__WORK REQUIRED__.
Pictures appear among the records below and must be omitted. Repeat exactly the lines from the line with "Kolica su opremljena" to the line with "Наследование генов, локализованных", both included.

__DATA LISTING__.
────────────────

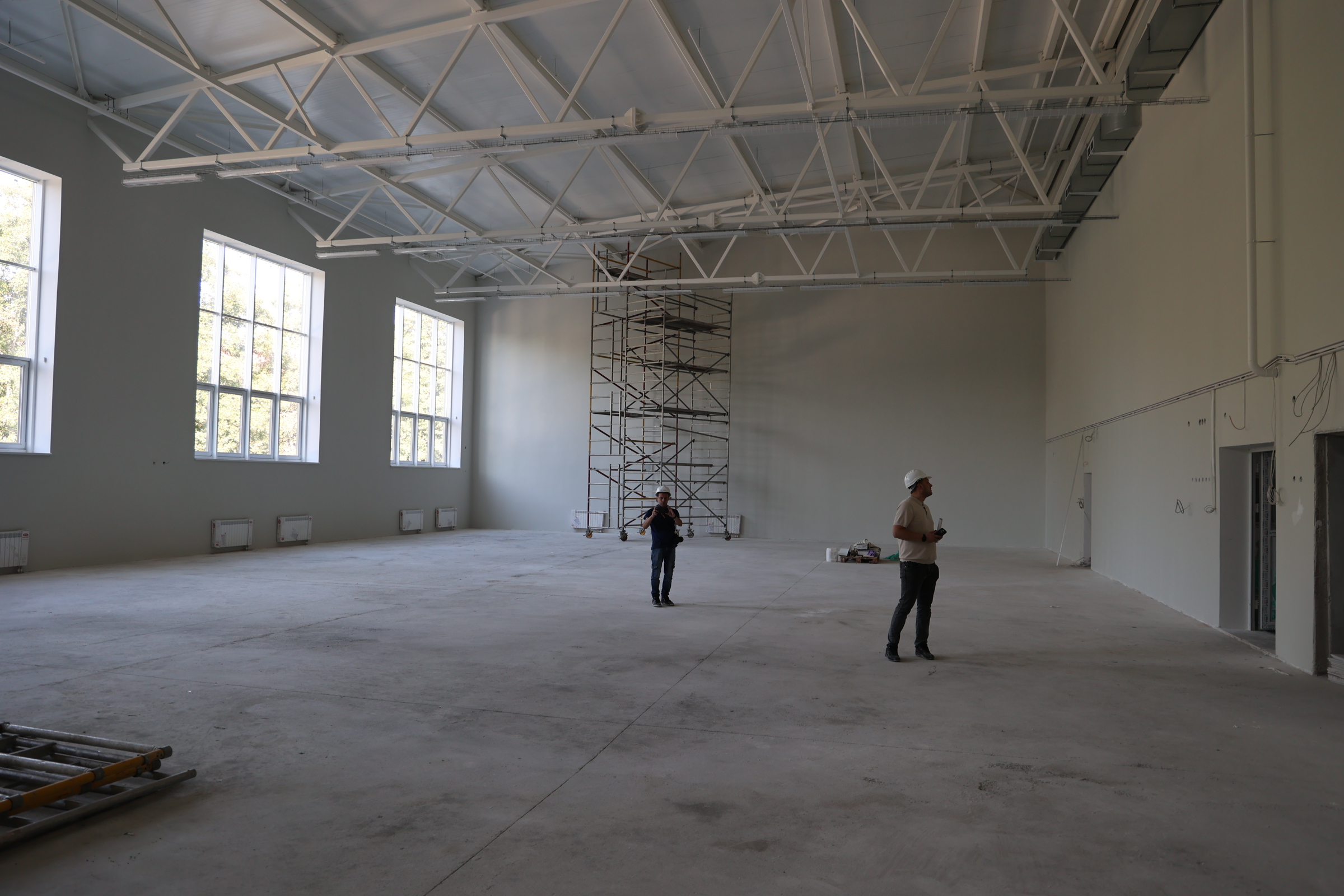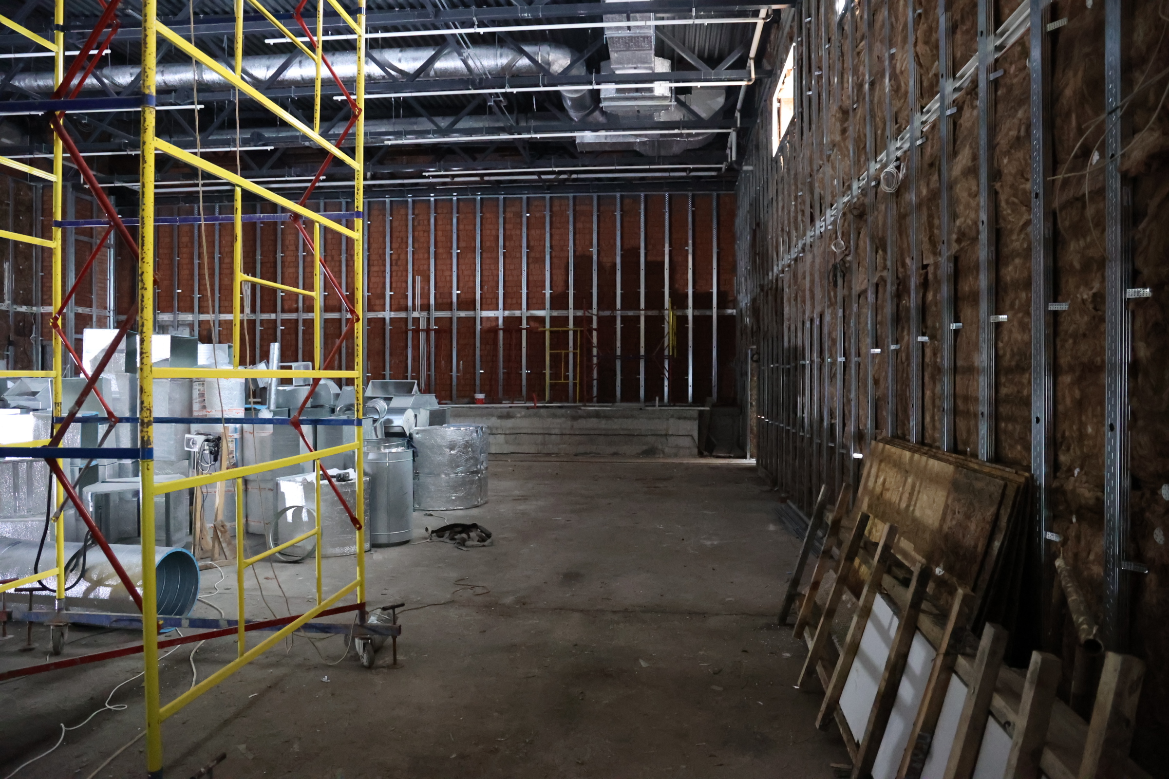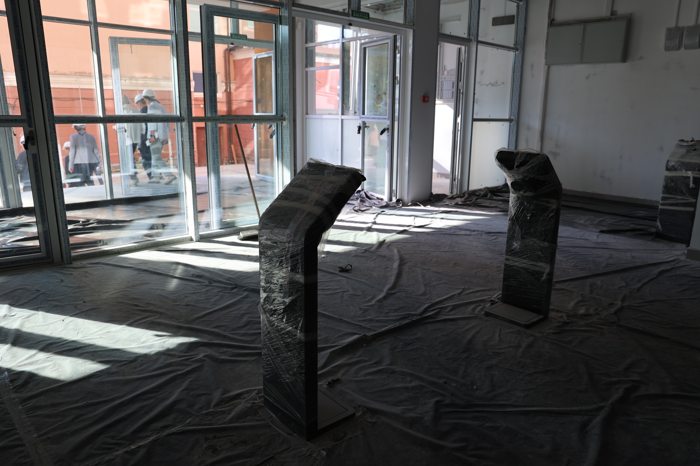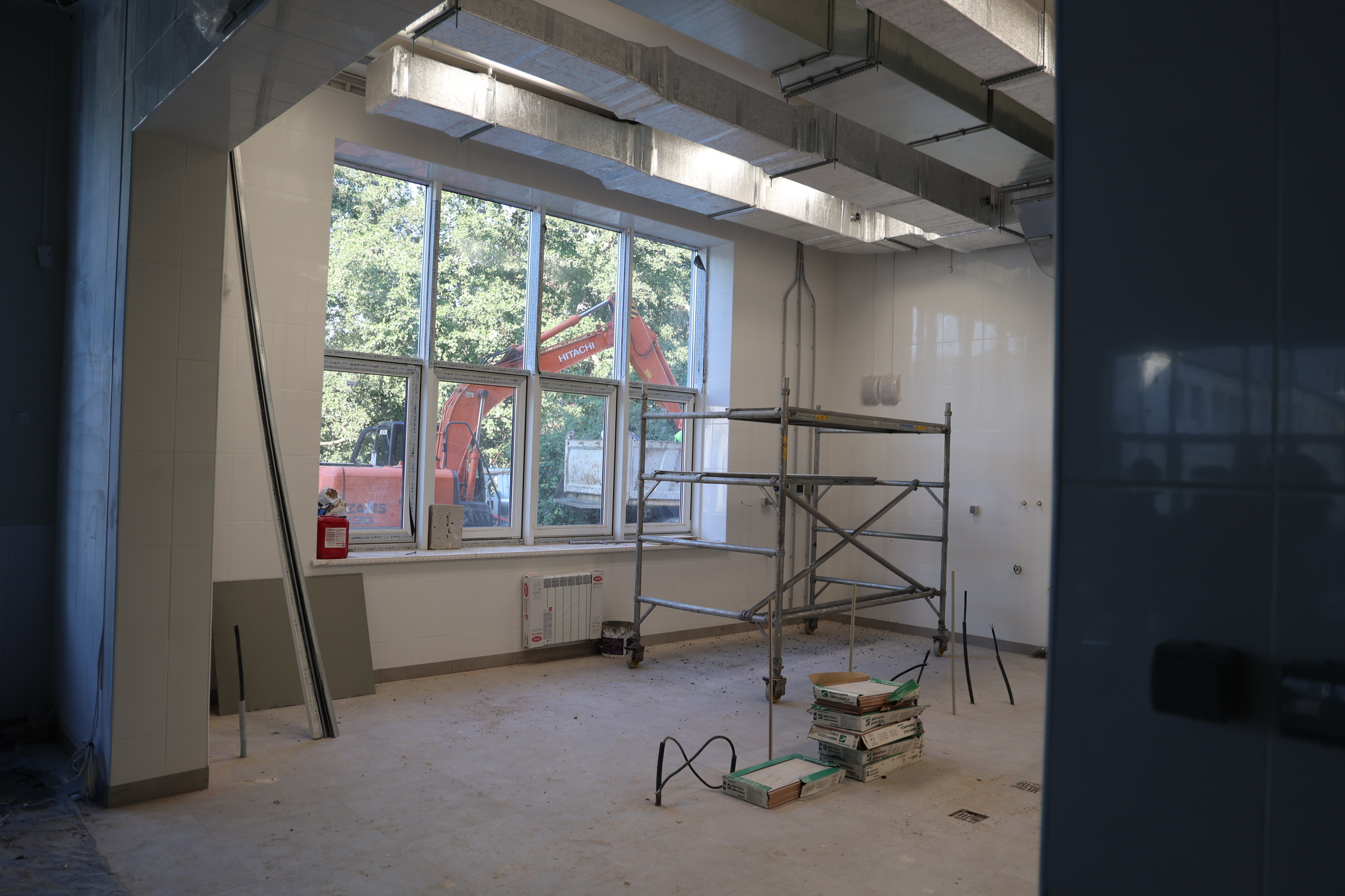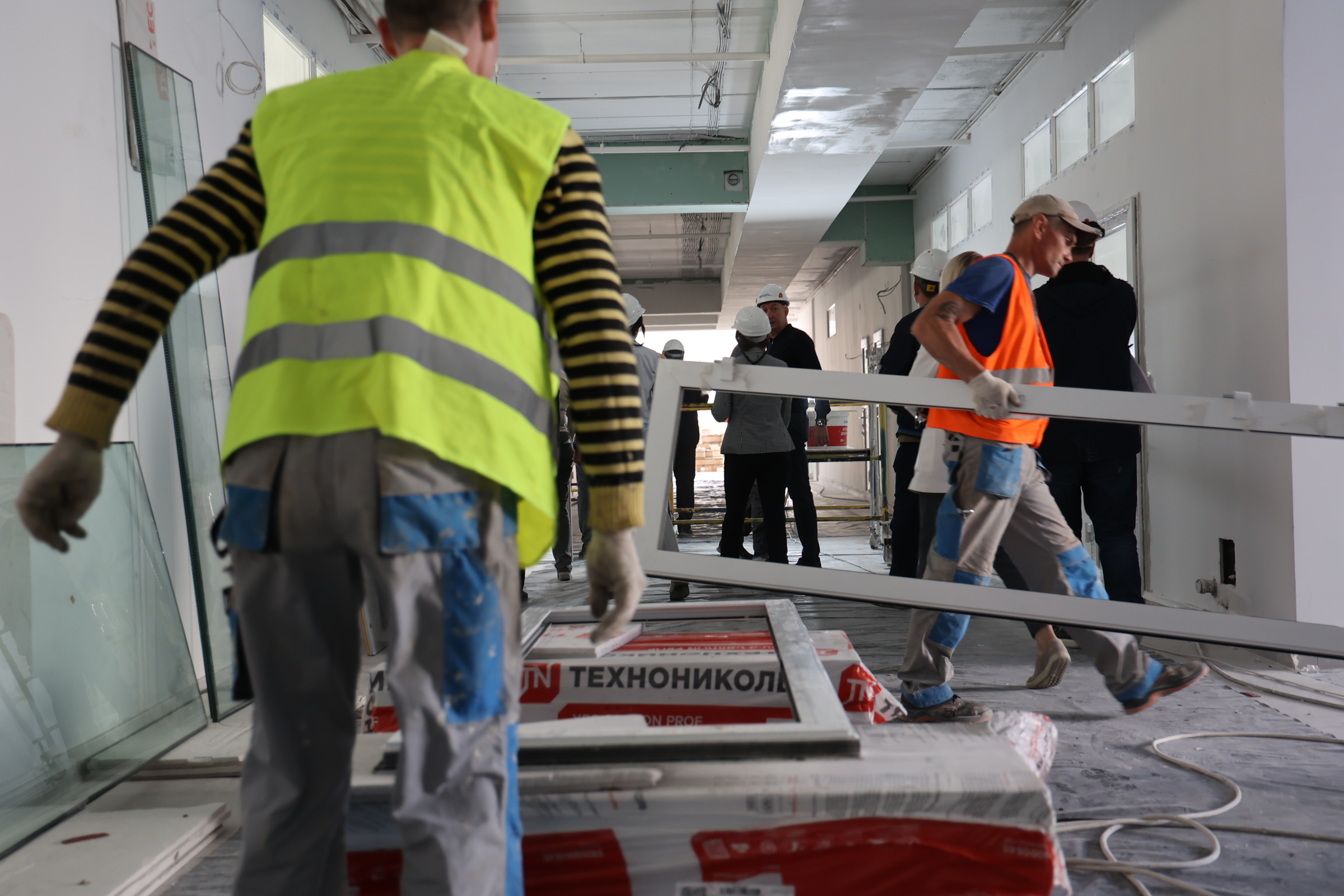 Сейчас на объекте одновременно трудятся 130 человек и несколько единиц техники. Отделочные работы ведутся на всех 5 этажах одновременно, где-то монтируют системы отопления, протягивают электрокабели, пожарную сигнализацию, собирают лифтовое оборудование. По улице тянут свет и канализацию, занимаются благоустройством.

────────────────

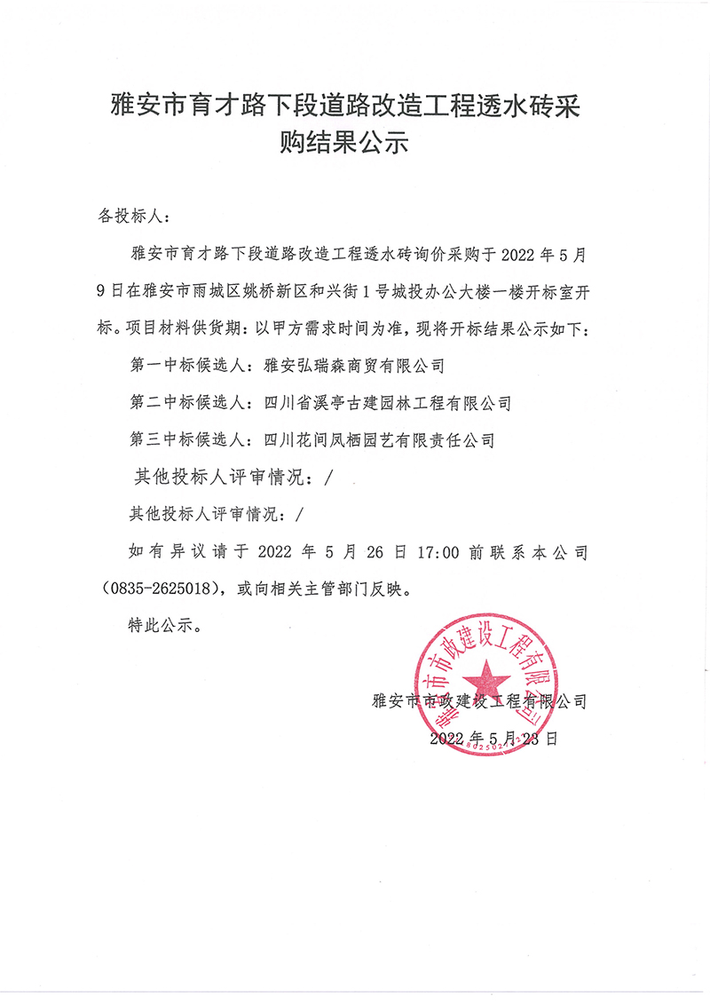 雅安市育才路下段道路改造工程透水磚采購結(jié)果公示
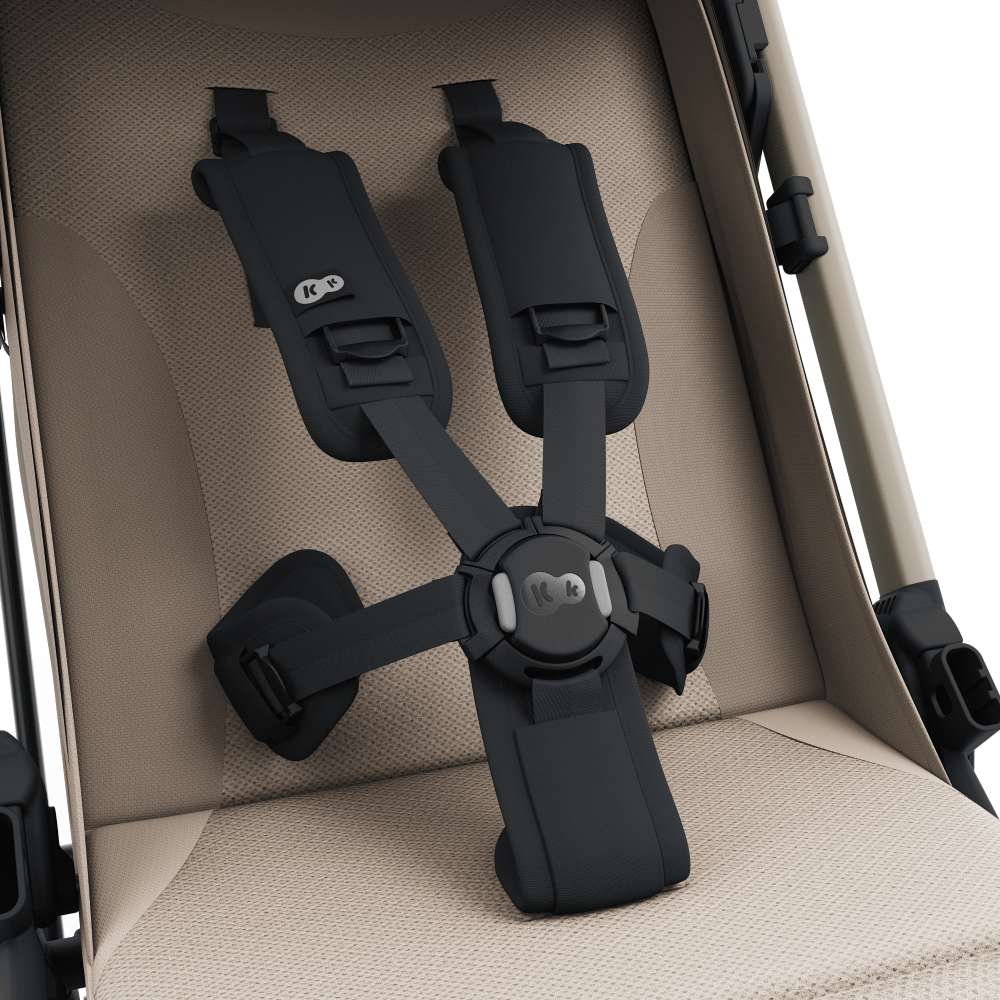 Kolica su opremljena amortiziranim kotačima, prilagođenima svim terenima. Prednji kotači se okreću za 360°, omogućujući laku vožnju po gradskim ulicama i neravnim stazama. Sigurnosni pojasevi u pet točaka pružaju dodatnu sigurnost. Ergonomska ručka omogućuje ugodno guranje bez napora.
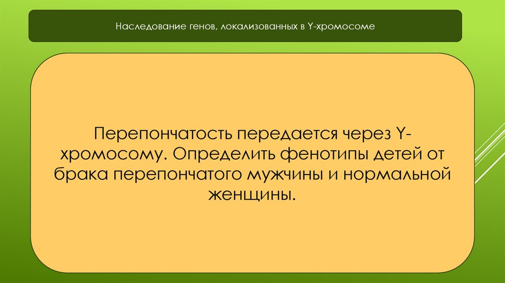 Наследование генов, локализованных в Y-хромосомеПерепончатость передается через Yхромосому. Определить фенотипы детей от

────────────────

__REPLY TO THE TASK__.
 Kolica su opremljena amortiziranim kotačima, prilagođenima svim terenima. Prednji kotači se okreću za 360°, omogućujući laku vožnju po gradskim ulicama i neravnim stazama. Sigurnosni pojasevi u pet točaka pružaju dodatnu sigurnost. Ergonomska ručka omogućuje ugodno guranje bez napora.
 Наследование генов, локализованных в Y-хромосомеПерепончатость передается через Yхромосому. Определить фенотипы детей от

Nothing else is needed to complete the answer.